"You are right in being merciful," she said very slowly.
Magic riddle of life; rare roseate rod of love. Was it youth leaping towards youth, the cry of the lark to the dawn, the crimson flowering of a woman's pity? The air seemed woven through with gold. A thousand lutes had sounded in the woods. Voiceless, she sat with flickering lids, amazed at the alchemy that had wrought ruth out of hate.
Fulviac had drawn back into the gloom of the gallery. He turned suddenly upon his heel, and his scabbard smote and rang against the rock.
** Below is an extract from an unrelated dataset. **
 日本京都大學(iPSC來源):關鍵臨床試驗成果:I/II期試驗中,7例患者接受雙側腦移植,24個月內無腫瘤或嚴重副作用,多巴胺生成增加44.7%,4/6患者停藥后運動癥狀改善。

"I take all the men I have," he said to her, "even the dotard Jaspar, for he knows the ways. Gregory and Adrian I leave on guard; they are tough gentlemen, and loyal. As for the lordling, he is well shackled."
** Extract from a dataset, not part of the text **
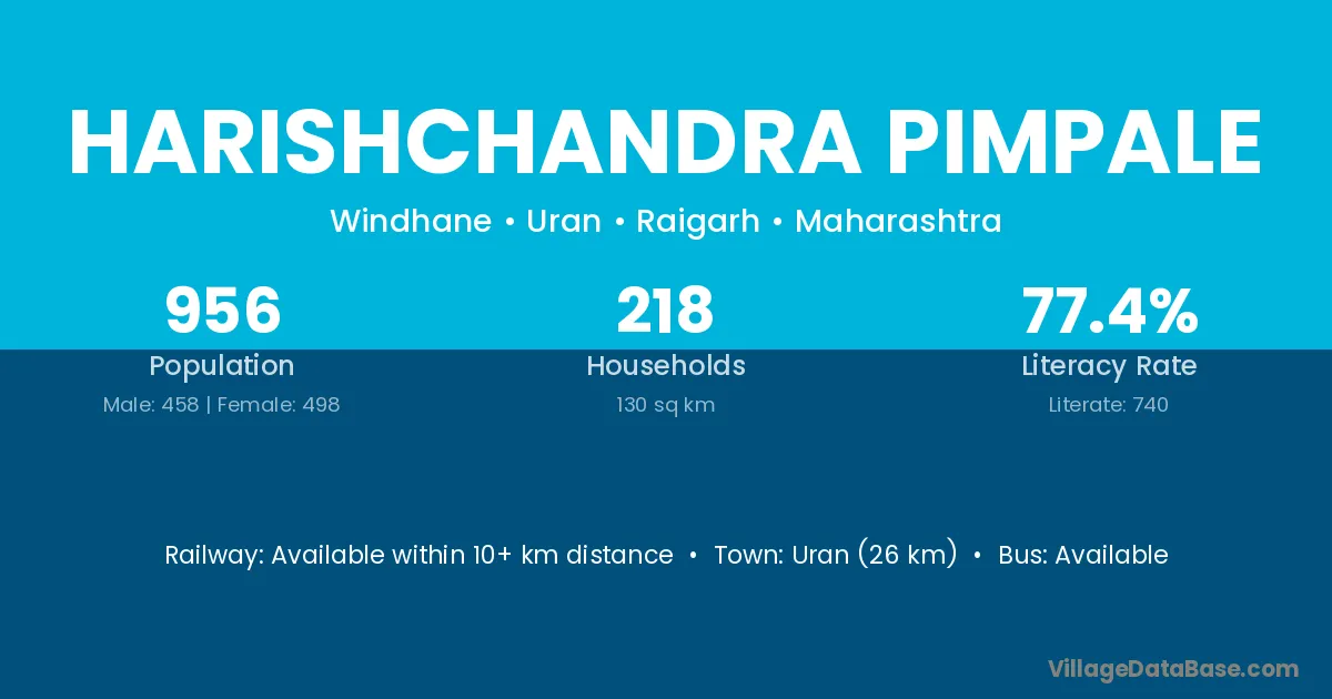 Uran (26 km) is the nearest town to Harishchandra Pimpale village for major economic activities and is located approximately 26 km away.

Yeoland was still cowering in her chair with the mysterious passions of the moment.
"You will return?" she asked him.
"By nightfall, if we prosper; as we shall."
He moved two paces, stayed again in his stride, and flung a last message to her from the black throat of the passage.
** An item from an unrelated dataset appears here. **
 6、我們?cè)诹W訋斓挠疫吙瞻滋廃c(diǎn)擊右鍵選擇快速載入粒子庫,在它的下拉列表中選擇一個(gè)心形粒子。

"Remember, there is no recantation over this business. The man is my affair as well as yours. He is a power in the south, and would menace us. Remember, he must die."
He turned and left her without more palaver. She heard him go clanging down the gallery, heard the thunder of a heavy door, the braying of a horn. A long while she sat motionless, still as stone, her hands lying idle in her lap. When an hour had passed, the sun smote in, and found her kneeling at her prayer-desk, her breviary dewed with tears.